The Chinese Communist Party (CCP) elevated President Xi Jinping in a historic resolution, as Mr. Xi, who took power in 2012, prepares to extend his autocratic rule by at least one five-year term.
China and Mr. Xi are revising the past to chart the way forward in their rivalry with the United States over an array of global issues. Relations between the two nations are at a low point, although both sides are talking again.
In this episode of History As It Happens, the Mercatus Center’s Weifeng Zhong discusses why the CCP anointed Mr. Xi, whose rule has become increasingly autocratic while avoiding the fanatical, murderous campaigns of the Mao era.
The resolution is designed to prepare the way for major domestic policy changes that may be unpopular or contradict historically approved ideas, said Mr. Zhong, who forecasts Chinese policy-making by analyzing state propaganda.

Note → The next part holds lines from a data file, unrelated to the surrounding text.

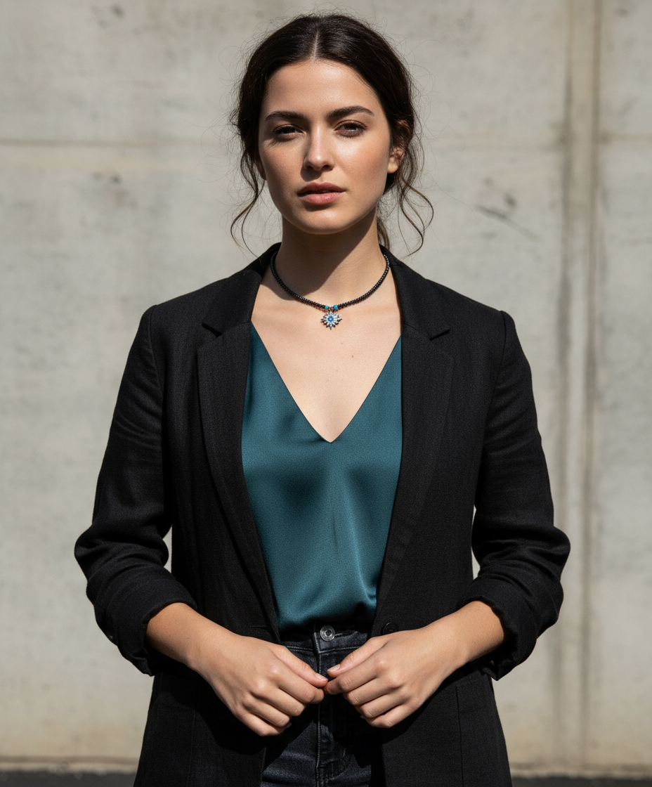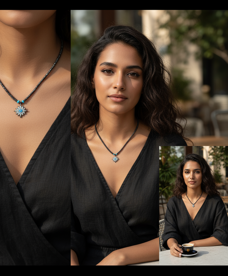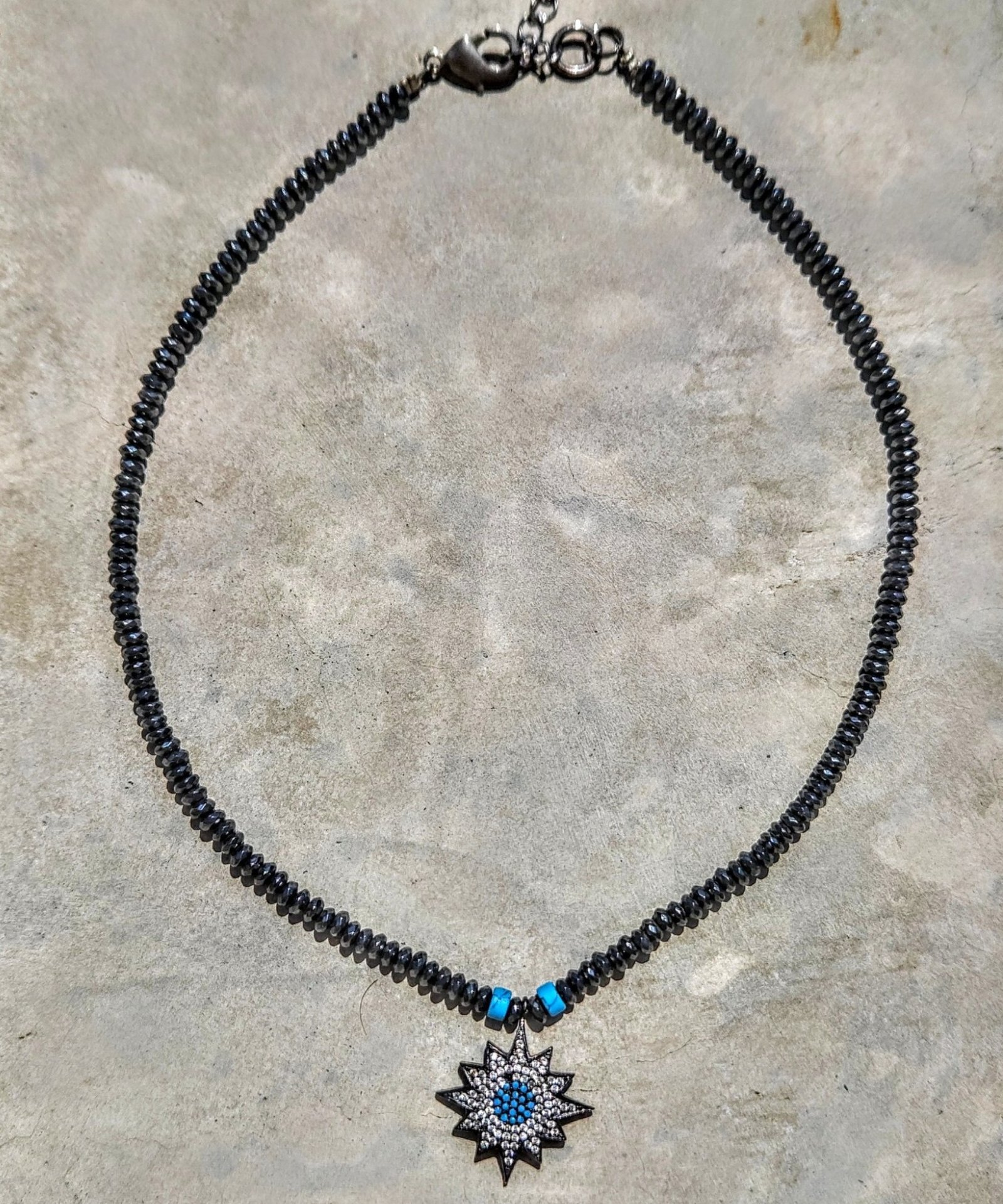 כוכב הצפון. קולר עדין של המטייט שחור נוצץ, עם תליון כוכב ארוך משובץ ונגיעת טורקיז.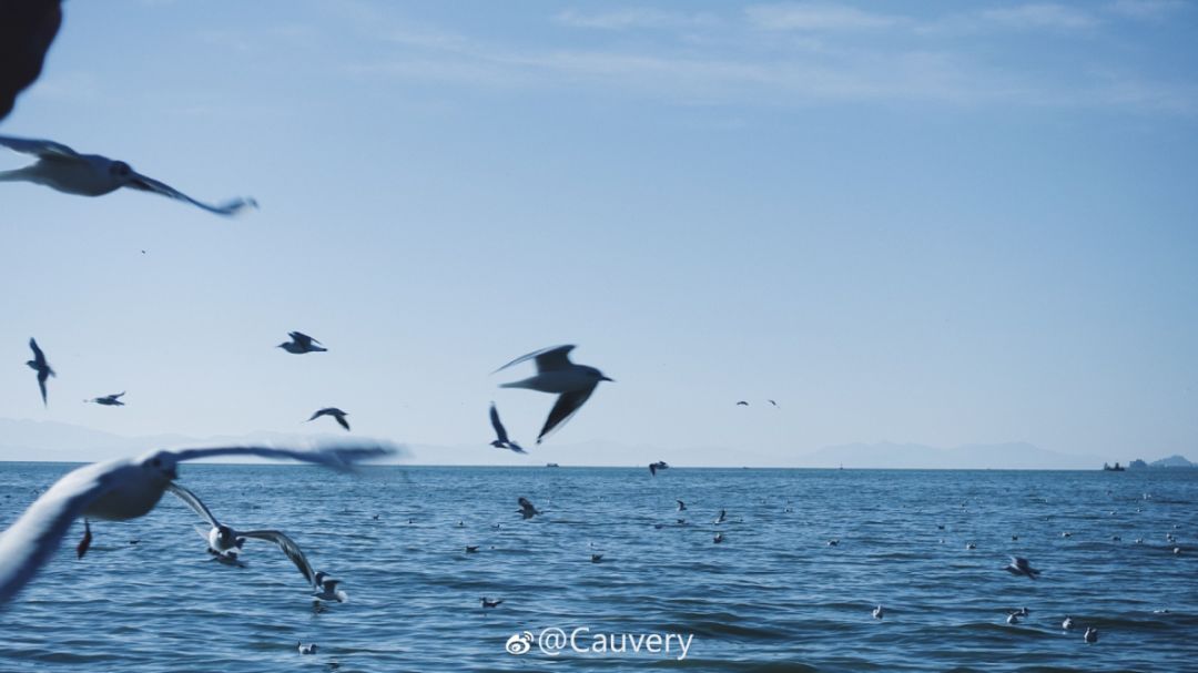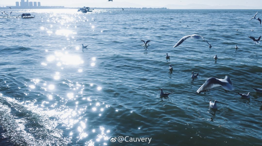 到滇池拍海鷗甚至不需要花錢。太多人買面包喂食了,隨便在地上撿一些掉落的面包塊,向著湖面伸長手臂,海鷗會快速的叼走,我甚至不知道海鷗有這么好的胃口。當它們飛向你時,放松一點,小心海鷗沖向面包時誤傷到你。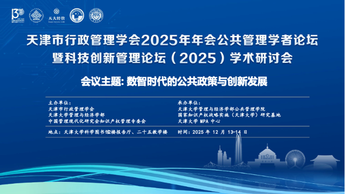 12月13-14日,天津市行政管理学会2025年年会公共管理学者论坛暨科技创新管理论坛学术研讨会在移花宫 卫津路校区成功举办。此次会议由天津市行政管理学会、移花宫 、中国管理现代化研究会知识产权管理专委会主办,移花宫 公共管理移花宫 、国家知识产权战略实施(移花宫 )研究基地、移花宫 MPA教育中心承办,会议主题为“数智时代的公共政策与创新发展”。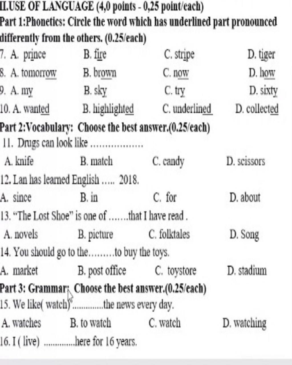 ILUSE OF LANGUAGE (4,0 points - 0,25 point/each)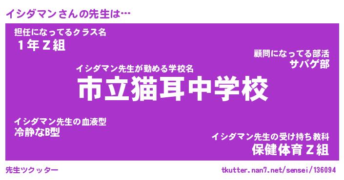 | ファンタジー風あだ名 | 『イシフェル』『エターナルイシダマンー』 |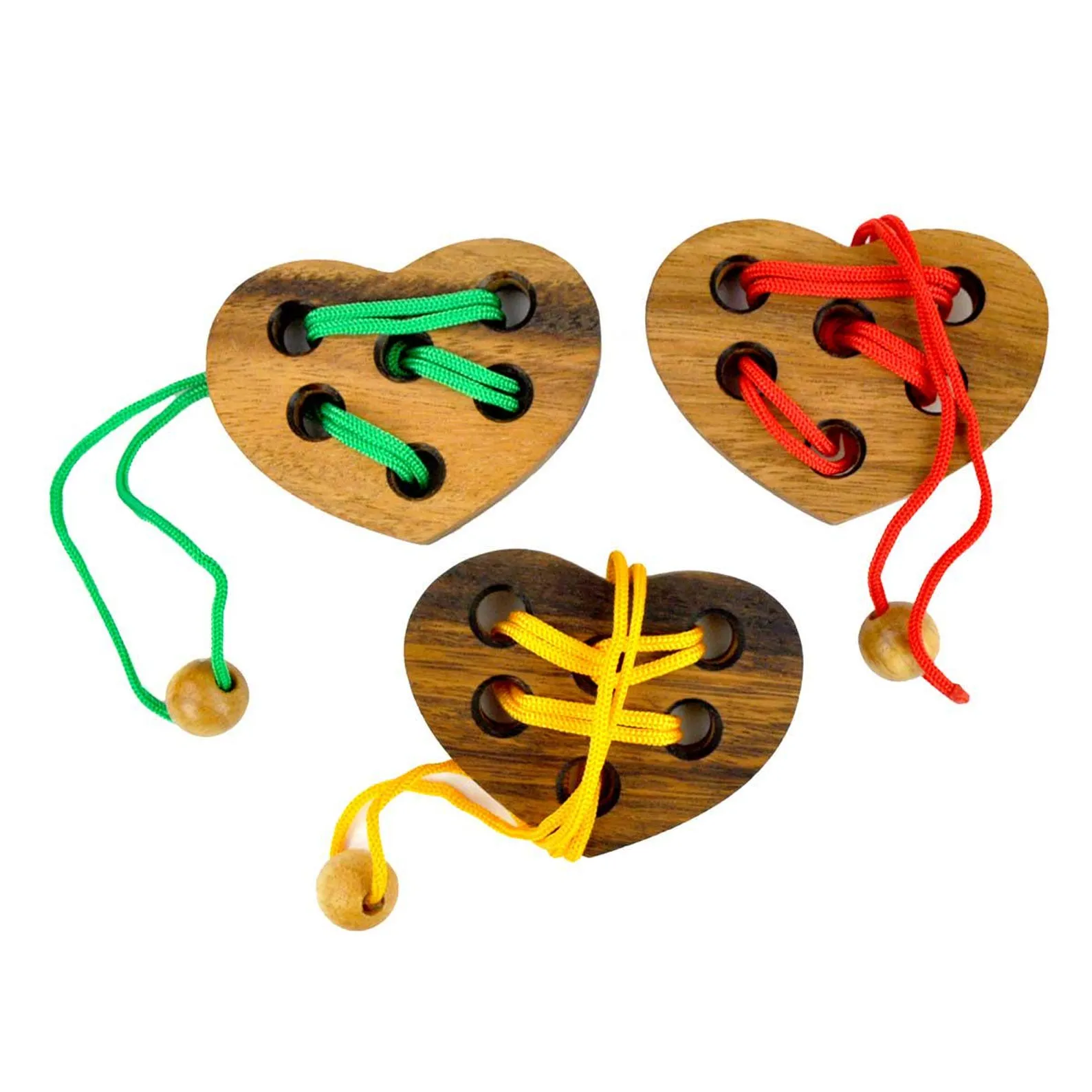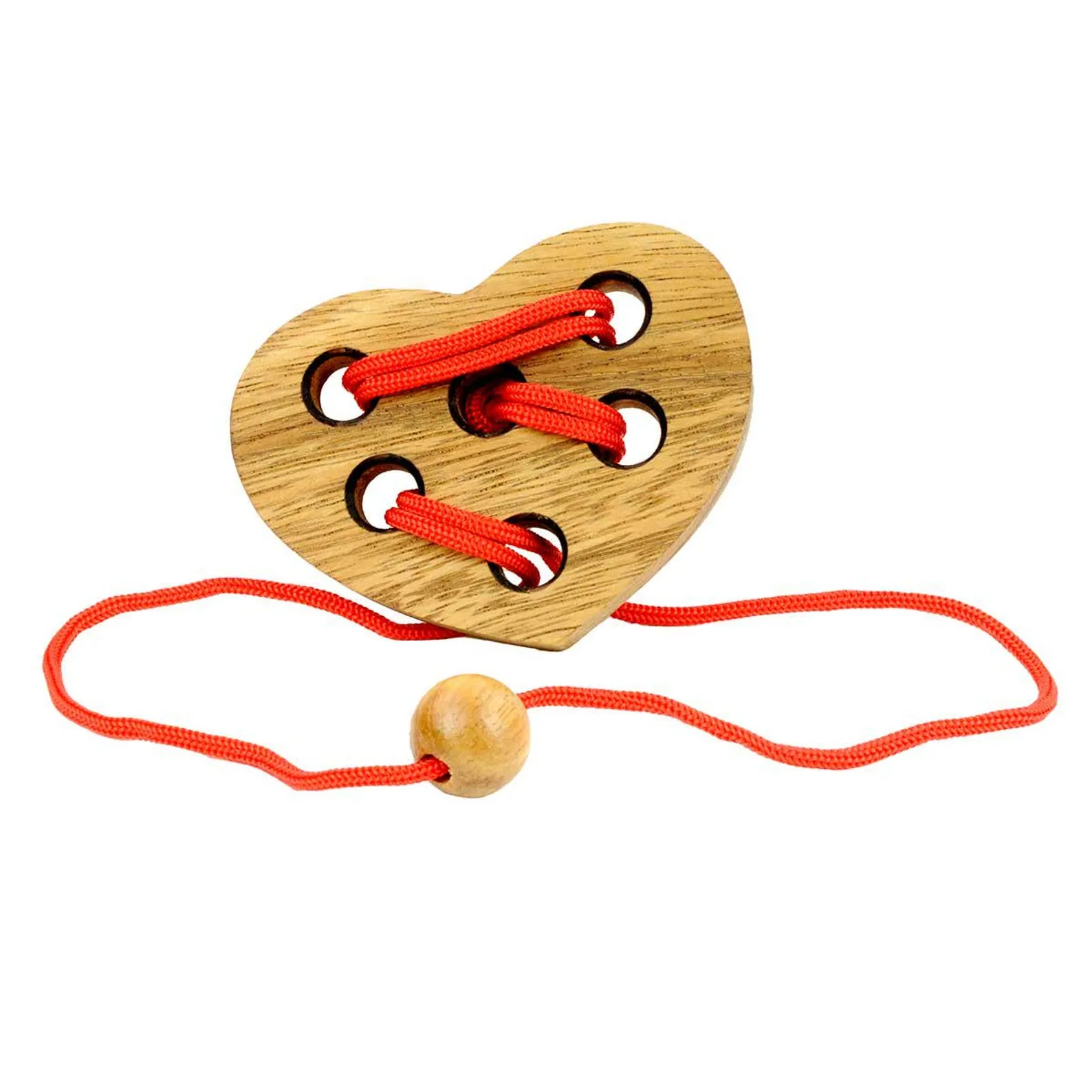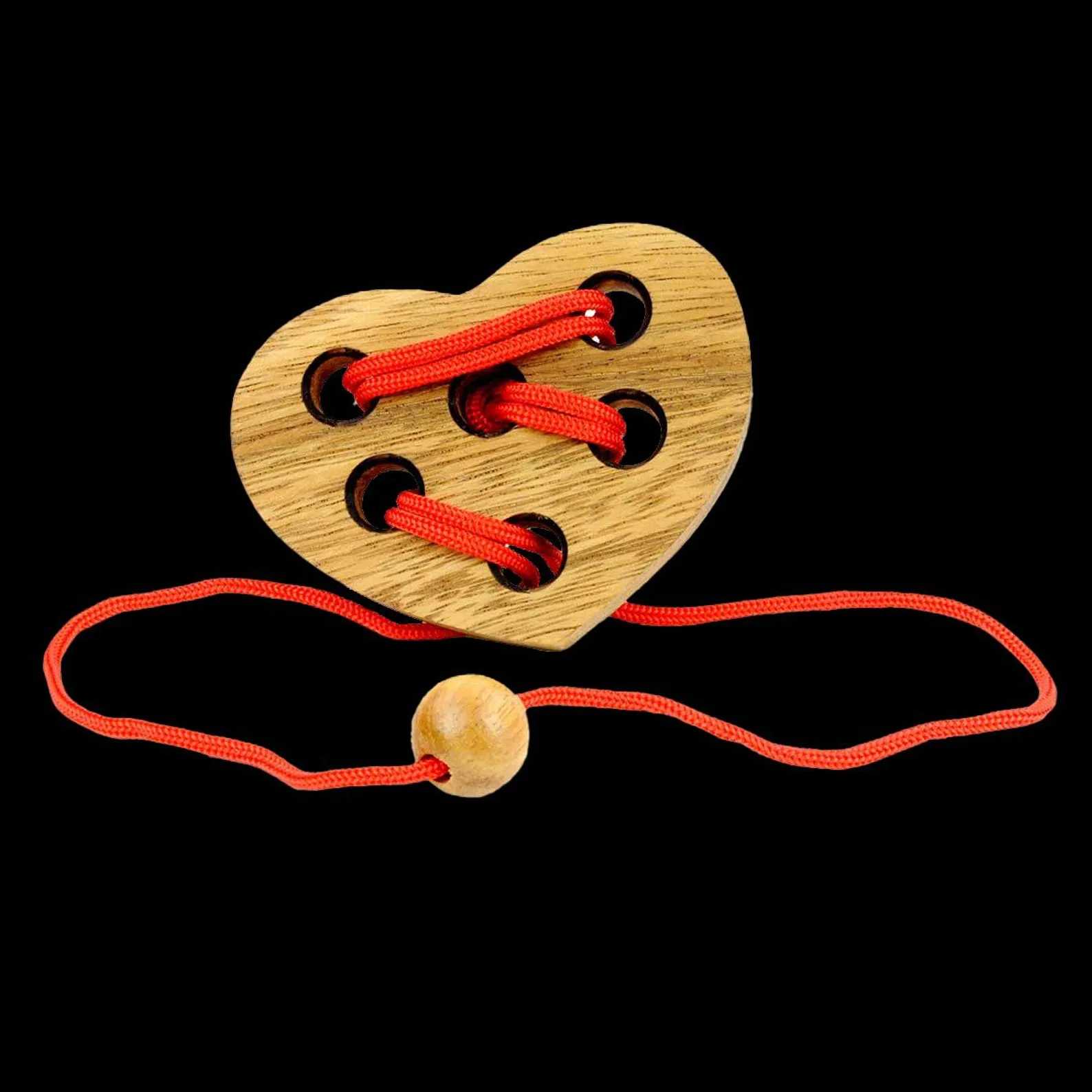 Love Story Wooden Rope And Ring Brain Puzzle is an intricate wooden puzzle that combines shaped blocks with strong cords and rings. Several wooden elements are connected by ropes threaded through carefully positioned holes, creating a visual impression of two pieces linked together. The natural finish keeps the focus on the structure rather than on printed graphics.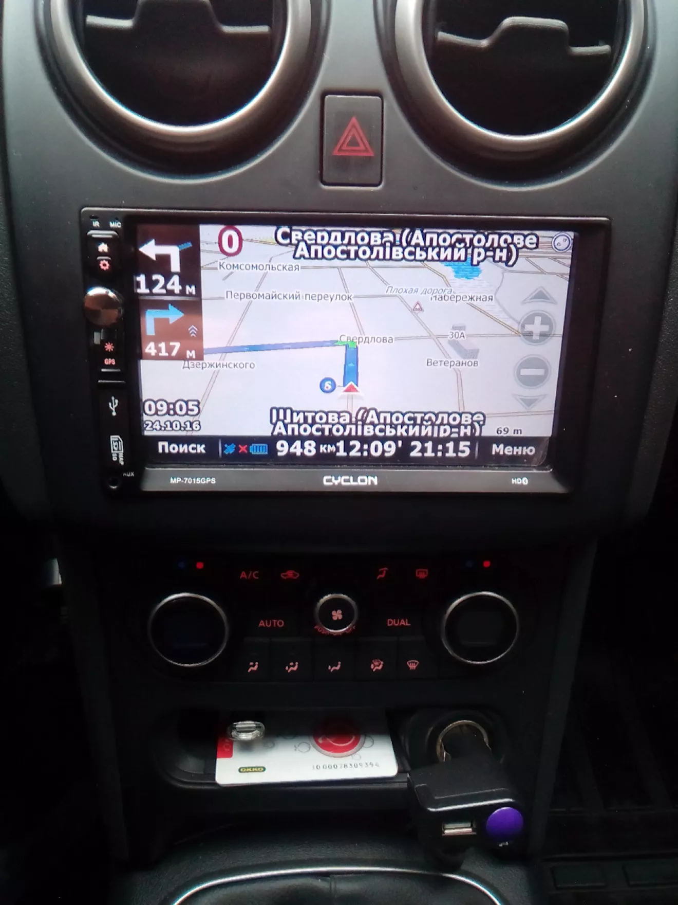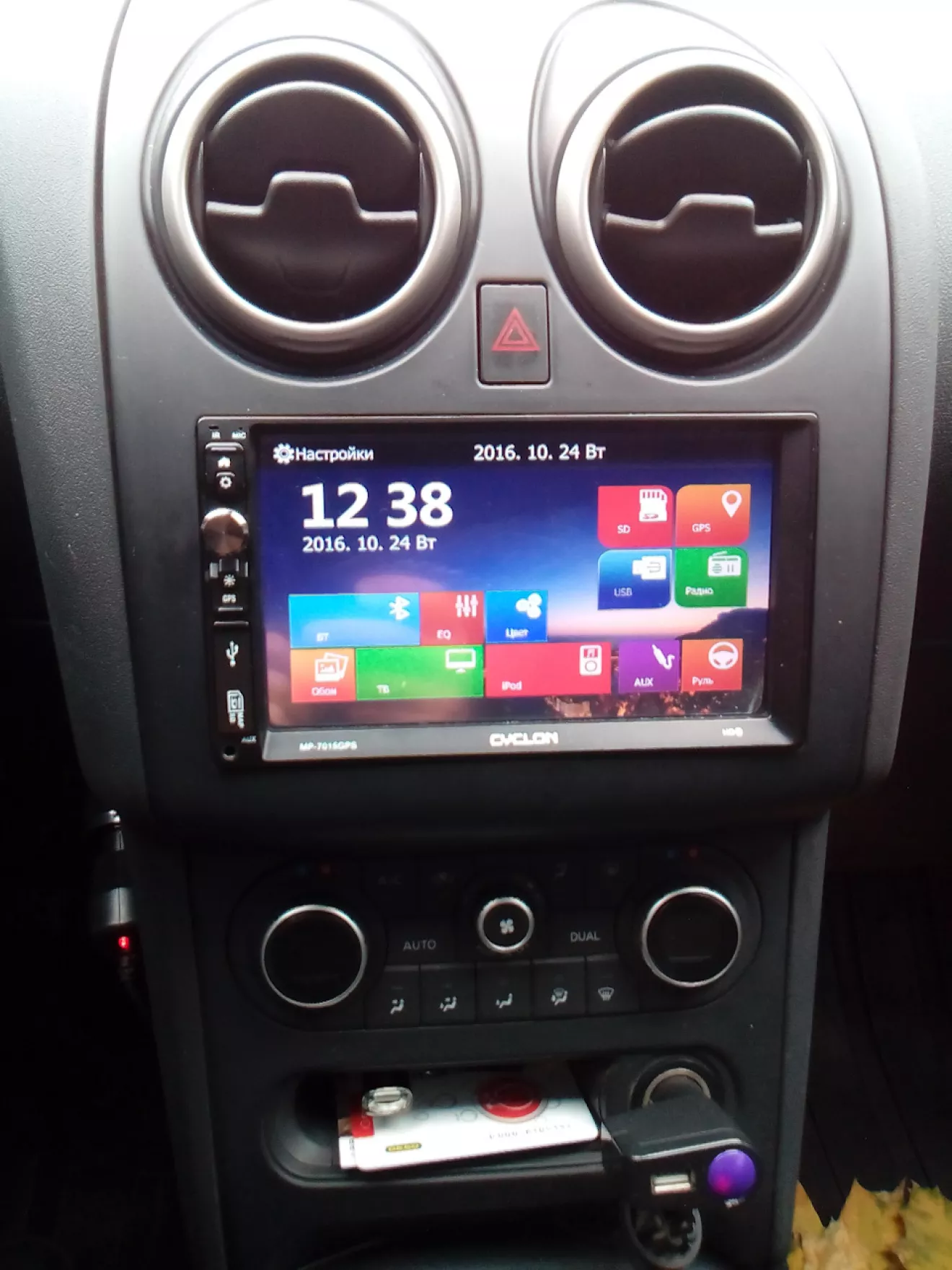 После двух лет использования штатной магнитоллы, решил поставить новую 2х диновую. Причина не в том что штатка не справлялась со своей задачей, просто при езде в ночное время очень мешал навигатор на торпеде (лобовое стекло). Купил недорогую CYCLON, выбрал её потому, что даже штатные кнопки на руле работают без проблем. Один недостаток рвёт музыкальное сопровождение при работе навигатора.
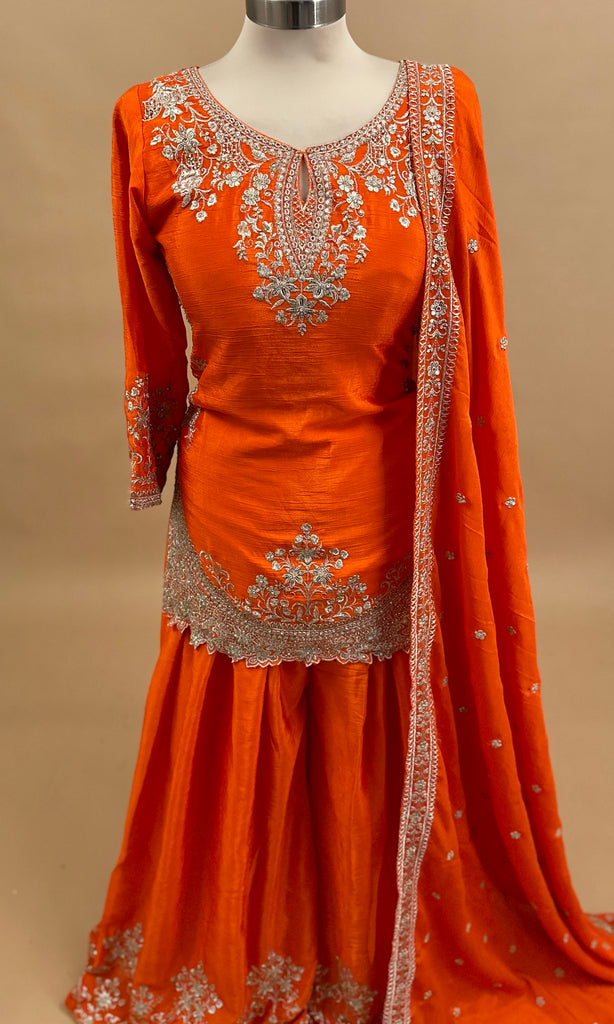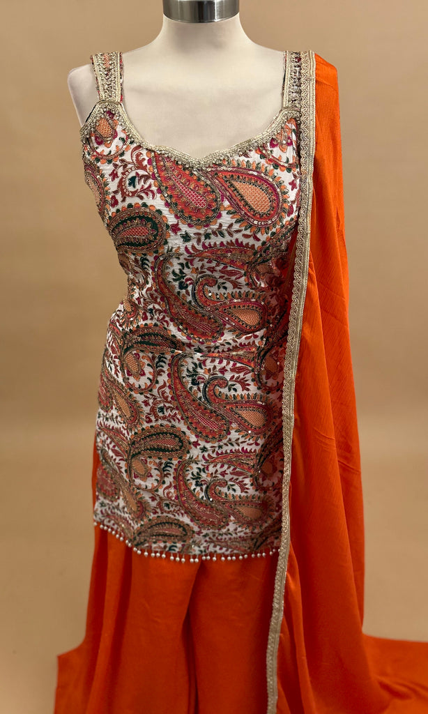 Orange Color Chinon Fabric Party Wear Palazzo Suit With Dupatta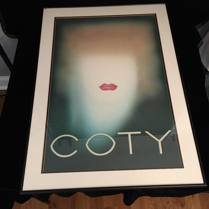 Biography of Coty, book about Coty perfumes and a framed and matted Coty ad. Read the biography and you will be transported back in time with all the tales of the man. Frame measures 24” x 35”.

“If you think about the last time China did [a historic resolution], for the former leader Deng Xiaoping in the late ‘70s, early ‘80s, there was debate in the Chinese Communist Party about how to talk about Mao going forward if they were trying to overturn his general direction of central planning,” Mr. Zhong said.
The Deng-era resolution severely criticized Mao, thereby establishing in official circles a justification for changing course later on. Deng ushered in market reforms largely credited for turning China into an economic power.
The resolution anointing Mr. Xi is less critical of Mao: It exalts his success in founding the People’s Republic of China in 1949.
“So for President Xi, signs suggest that he is trying to pursue some Mao-style [economic] policies,” Mr. Zhong said, which necessitated the historic resolution to cultivate public favor.